Name: Fernando Oleas
Office: FO 3104
SLOs for Modern Languages
Proficiency Assessment Timeline for Spanish, French, Italian
INTRODUCTORY SEQUENCE: Between the third and fifth week of Beginning Language 1, an Oral Proficiency Interview (OPI) of 5 to 7 minutes is conducted with all students in small groups of 2 or 3. This time is built into the syllabus. It may take two full days, depending on the number of students.
EXPECTED OUTCOME: Students, about five weeks in, should be at Novice Low to Novice Mid. This assessment helps faculty to identify students with particular issues, such as pronunciation, vocabulary, or difficulty comprehending basic questions. This is also an opportunity to identify those students who are more advanced than they should be for this level. Such students should be redirected to a more appropriate level at this time.
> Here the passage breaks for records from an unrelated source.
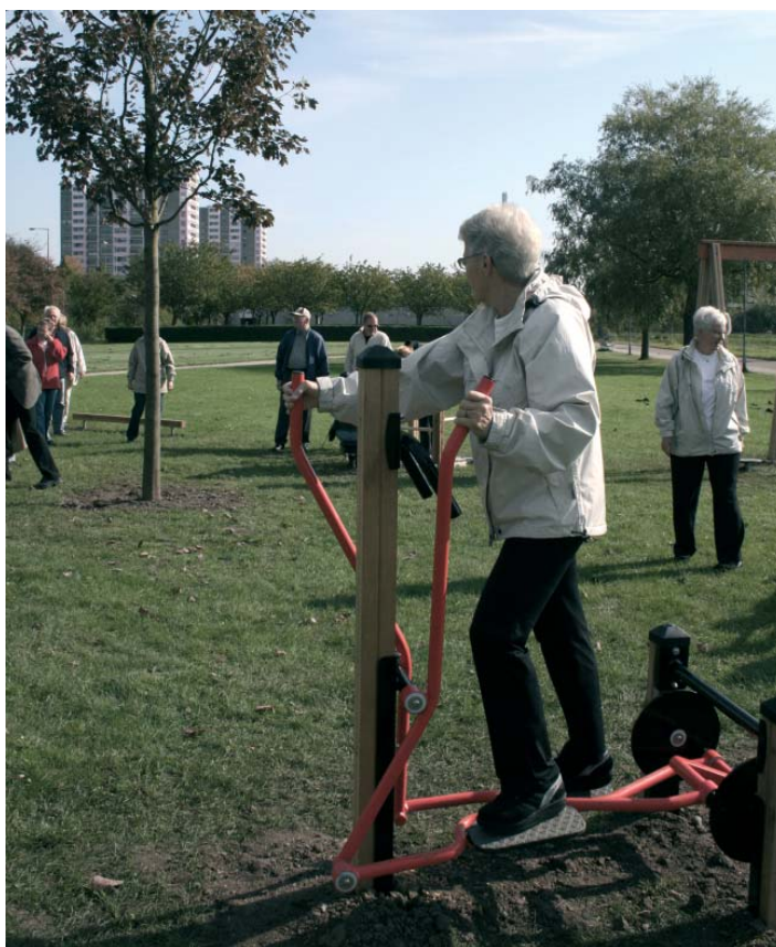
Vor nys etablerede motionsplads i Esplanaden kan naturligt indgå i det kommende KRAM-projekt.

Det er ikke alene i KRAM-bussen, aktiviteterne skal foregå. Kommunens forvaltninger vil igangsætte forskellige aktivite-
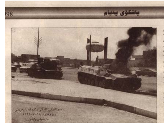
مانگنامه په‌یام - چاپی له‌نده‌ن

ناوچه‌که‌یان به جوړیک میلیتاریزه کرابوو که له هه‌ر چواراپه‌کدا چوار تفه‌نگی چوارلولول، له هه‌ر کۆلانی‌کدا چه‌ند چه‌کداری عه‌سکه‌ر، له‌سه‌ر هه‌ر
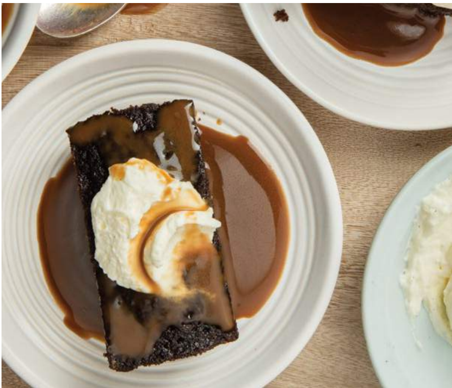
STICKY TOFFEE PUDDING Para calentar en casa $15.300
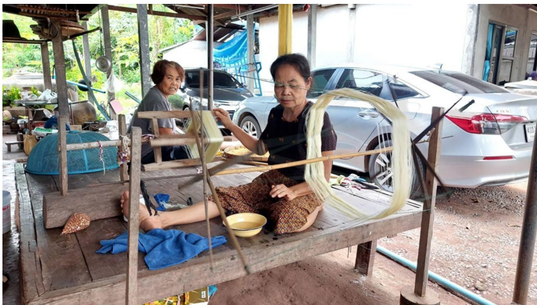
ภาพที่ 4.3 สาวไหม

ระยะทางกว่า 3 กิโลเมตร พร้อมทั้งเขย่า-โยนนาคอย่างรุนแรงเพื่อความสนุกสนาน ทั้งนี้ เชื่อว่าเป็นการทดสอบความตั้งใจของผู้บวชว่ามีความมุ่งมั่นที่จะบวชหรือไม่ โดยนาคต้องห้ามตกลงมาจากแคร่ไม้ไผ่ หากตกลงมาถูกพื้นดินจะถือว่าขาดคุณสมบัติไม่ไหวบวช ดังนั้น ชาวบ้านจึงได้นำประเพณีแห่नाคโหดอันเป็นเอกลักษณ์ที่โดดเด่นของชาวชัยภูมิมาร้อยเรียงบนผ้าฝ้ายเกิดเป็นลายแห่नाคโหดแห่งเดียวประจำจังหวัด
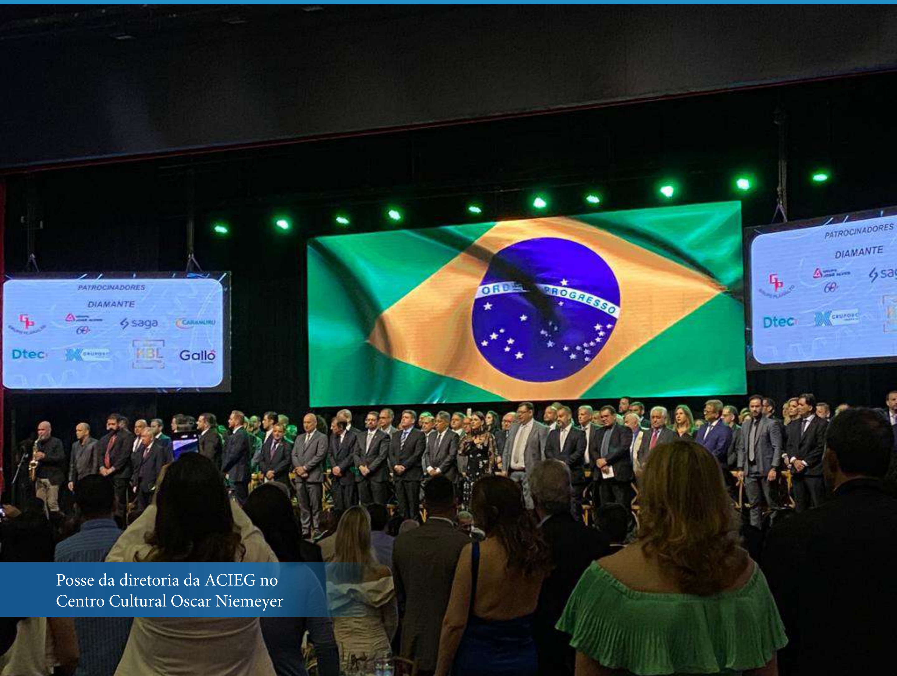
Posse da diretoria da ACIEG no Centro Cultural Oscar Niemeyer
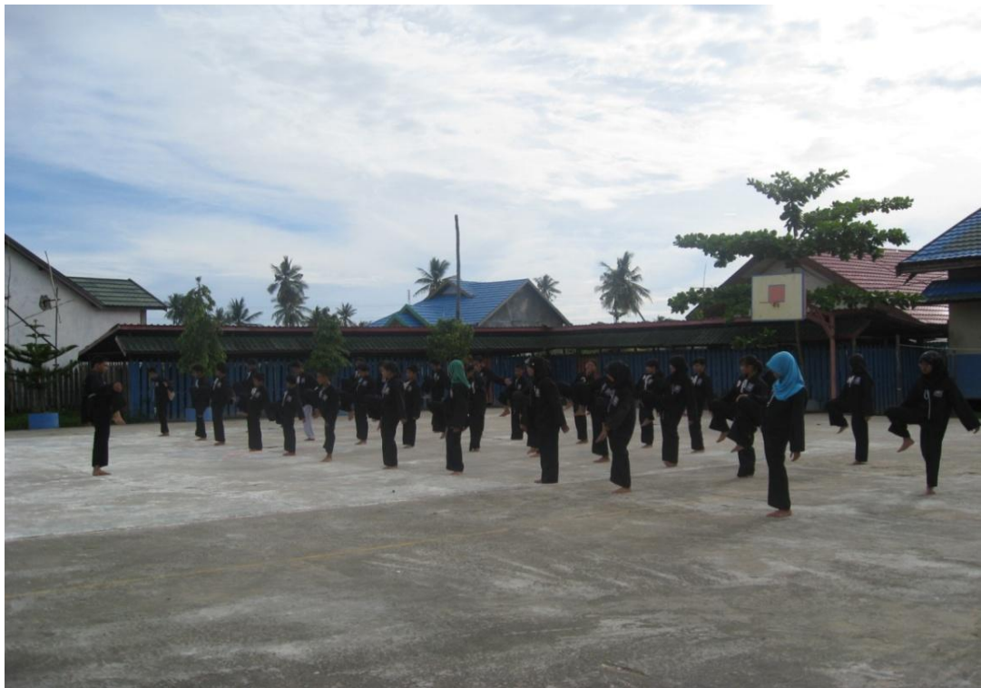
Futsal, volly dan basket
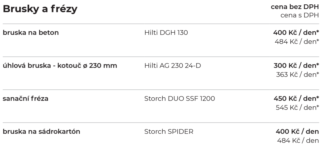
Hilti DGH 130
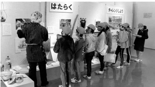
葛塚小学校3年生 かわる道具とくらし (昭和のくらし展 見学)
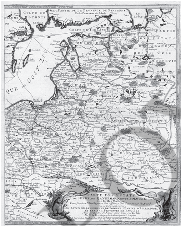
Волинь на мапі 1700 року

Під час чергового переділу Польщі в 1793 році частина земель Волині відійшла до Російської імперії. Спочатку територія була названа Ізяславським намісництвом, з центром в Ізяславі, а в 1795 році було створене Волинське намісництво, що складалося з 15 округів, з центром у Новоград-Волинському. В 1797 році губернським містом призначили Житомир, а намісництво перейменували у Волинську губернію.
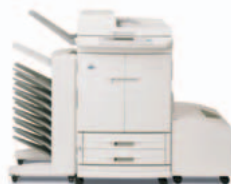
HP Color LaserJet 9500mfp (a cores) com caixa de correio com 8 tabuleiros

Cabo de alimentação, fio telefónico (apenas nos países com suporte de fax), documentação da impressora, CD-ROM com software da impressora, película para o painel de controlo, cartuchos de impressão (4), dois tabuleiros de entrada para 500 folhas, tabuleiro com várias finalidades para 100 folhas, tabuleiro de alta capacidade para 2 000 folhas (Q1891A), impressão frente e verso automática, alimentador automático de documentos, Servidor de Impressão Fast Ethernet HP Jetdirect 620n e disco rígido de 20 GB EIO (E/S Aperfeiçoada) – o dispositivo de saída de papel necessário deve ser escolhido e encomendado em separado.
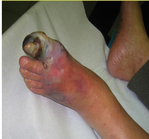
Slika 2. Vlažna gangrena
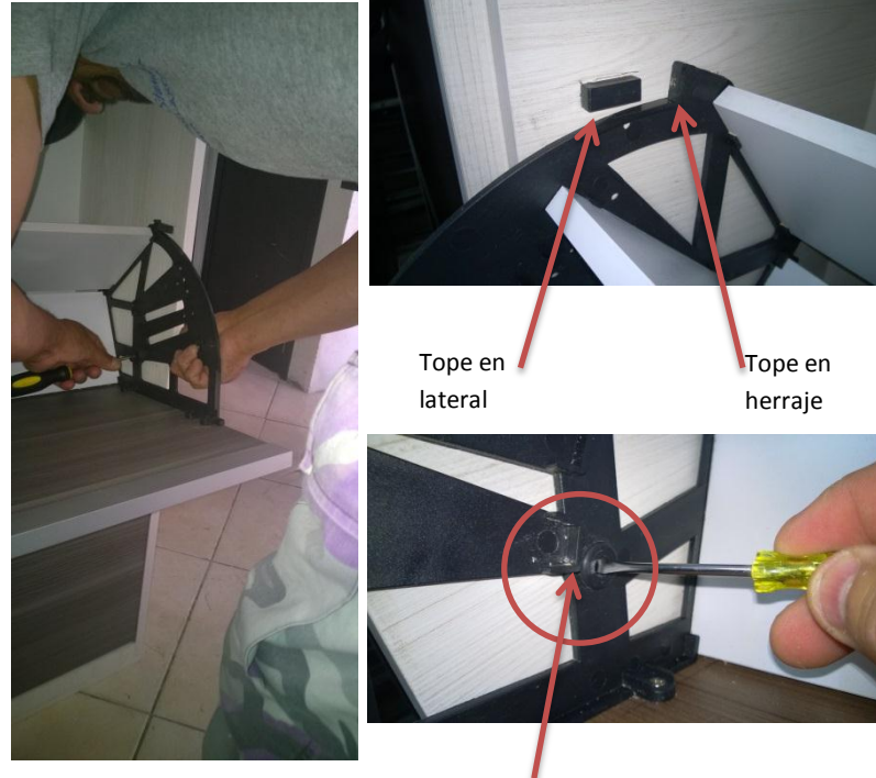
Unión de tapón con lateral del mueble

Students are tested again near the end of the semester, usually around Week 15. Students who performed at Novice Low should now be a solid Novice Mid; students who placed into Novice Mid should have reached Novice High.
BEGINNING SEQUENCE STUDENTS IN SPANISH, FRENCH AND ITALIAN SHOULD PLACE INTO THE NOVICE MID TO NOVICE HIGH RANGE BY WEEK FIFTEEN.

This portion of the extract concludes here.